The FCA investigation looked at sales at the bank between the start of 2010 and March 2012, during a time of major transition in how financial products were sold. This was the last hurrah of the commission sales culture; at the end of 2012 commission earned on financial products was banned – at long, long last.

In response, a lot of banks have been letting their advisers go, while between one in ten and one in six independent financial advisers (IFAs) have left the industry. Good riddance, you may say, but in truth the banning of commission, although welcome, has been replaced by what I have called the advice wasteland. In short, IFAs are charging small fortunes to give advice and in the process shutting out most of the population. One in three IFAs, for instance, say they won't touch someone who has less than £75,000 to invest.

Meanwhile, it's no wonder that the banks are skedaddling out of advice as they have the regulator breathing down their neck and most don't understand the long-term sell that is needed with proper, ongoing advice, rather than just quick hits, as was seen at Lloyds. And get this: the changes to commission would not have an impact on the sort of abuses seen at Lloyds because internal incentive schemes are still allowed. So the very worst of the worst, such as Lloyds' 'Grand in the hand' incentives, could conceivably be going on elsewhere right now.

As for Lloyds itself, it is ironic that it was seen as one of the better banks in terms of how it treated customers before HBOS was thrust upon it.

So now all that most Britons have in the way of financial guidance is a diminishing number of bank advisers – who are incentivised who knows how? – and the independent Money Advice Service which is failing to attract sufficient numbers of users and for me looks like an institution and a marketing concept from the end of the last century.
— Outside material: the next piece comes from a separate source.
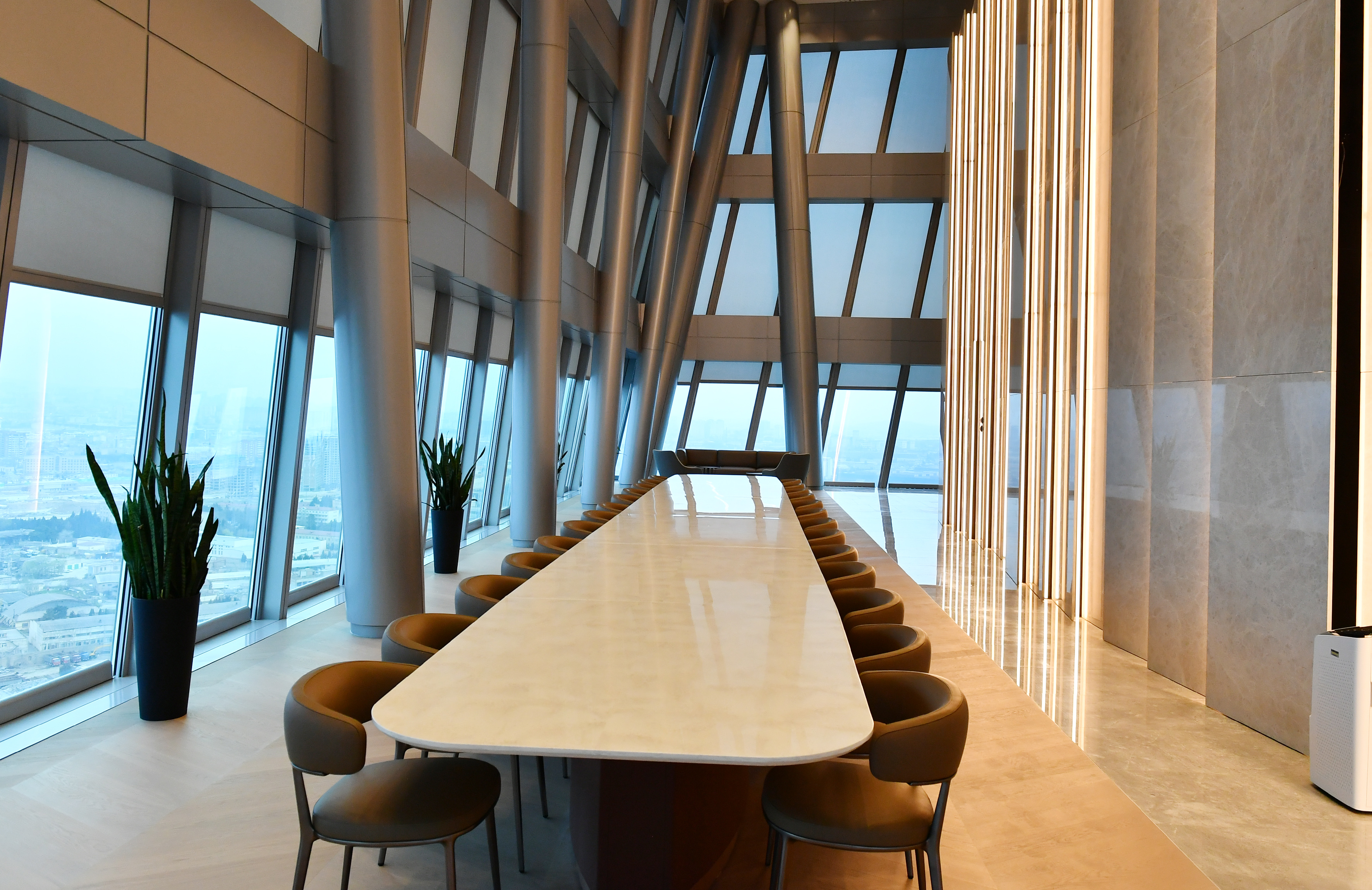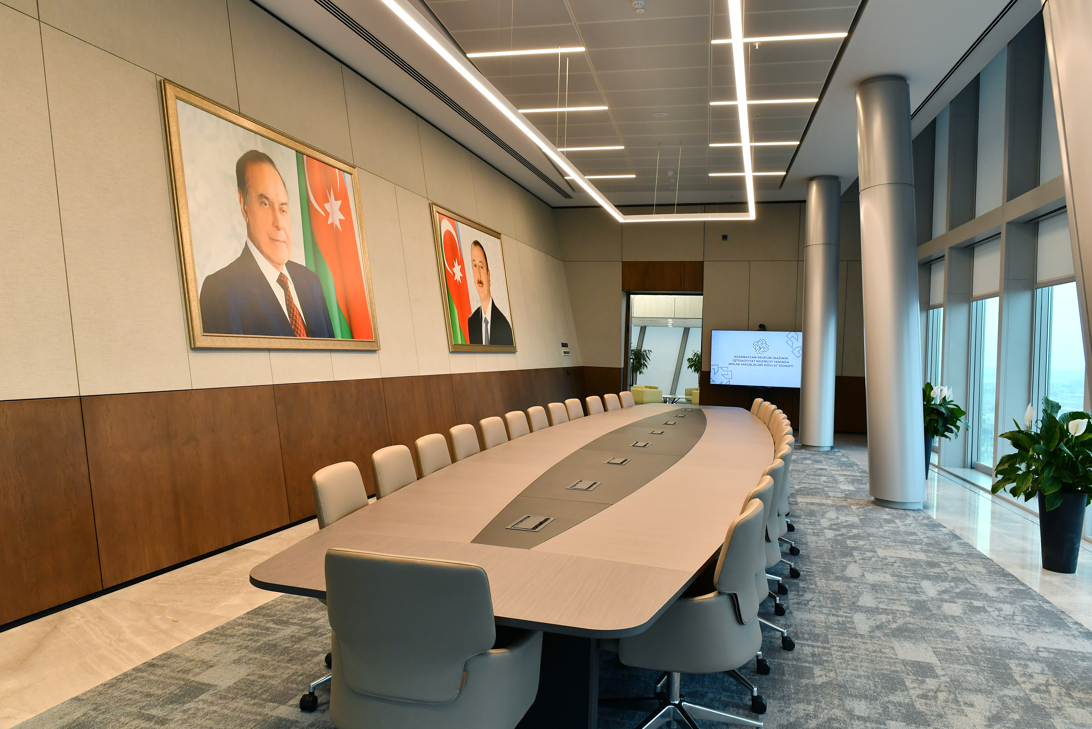 Binanın daha bir diqqətçəkən cəhəti isə yuxarıdan baxanda kürsü mərtəbəsinin Azərbaycanın xəritəsi formasında inşa edilməsi və şərq tərəfdən “Xəzər dənizi” dekorativ hovuzu ilə əhatə olunmasıdır. İşçi mərtəbələri 254 otaqdan ibarət olan binada 537 əməkdaşın fəaliyyəti üçün hər cür şərait yaradılıb. Binada müxtəlif tədbirlərin keçirilməsi üçün hər cür şəraitə malik və müasir multimedia vasitələri ilə təchiz olunmuş konfrans və iclas zalları, həmçinin müxtəlif təyinatlı iclas otaqları, yeməkxanalar var. Binadaxili mikroiqlimin təmin olunması, səmərəli enerji sərfiyyatının tənzimlənməsi, işıqlandırma, yanğınsöndürmə və təhlükəsizlik sistemlərinin idarə edilməsi, fövqəladə hallar zamanı mühəndis-texniki sistemlərin tənzimlənməsi üçün İdarəetmə Mərkəzi qurulub. Göründüyü kimi, yeni binada tikintidə müasir çağırışların paytaxtımızın infrastrukturuna inteqrasiyası ilə yanaşı, işçi heyətin daha səmərəli çalışması üçün hər cür şərait yaradılıb.

It is so top down and paternal in its outlook – financial advice by committee.

All in all, advice in this country is in a complete mess. The current danger is not so much mis-selling but absolutely no selling whatsoever.

Tesco basic

Brace yourself ... Tesco is going to launch a current account in 2014. Yes, I know what you are thinking: haven't I heard this somewhere before?

Indeed you have. It feels like the march of Tesco first into mortgages and now the current account market has been trailed forever and a day.

As soon as the financial crisis broke, breathless public relations people were collectively lauding the entry of the mighty Tesco into this market or that one – how the supermarket giant was going to shake things up in the world of finance.

Ironically, what has happened since is that the corporate reputation of Tesco has taken a bit of pounding. It is no longer seen as the flexible high-street leader with an eagle eye perpetually on trend and what its customers want, but rather a leviathan – bloated, assailed by more vigorous competitors, gone beyond its sell-by date.

On the banking front it has looked like public relations puff rather than anything exceptional. Tesco's mortgage range, launched with a blaze of publicity, has been mediocrity personified. As for its other products, my verdict would be functional, often reasonably priced but nothing innovative.

Tesco has talked a good game and that is about the sum of it. I wish I could get excited about the idea of the company entering the current account market, but I suspect it will be more of the same.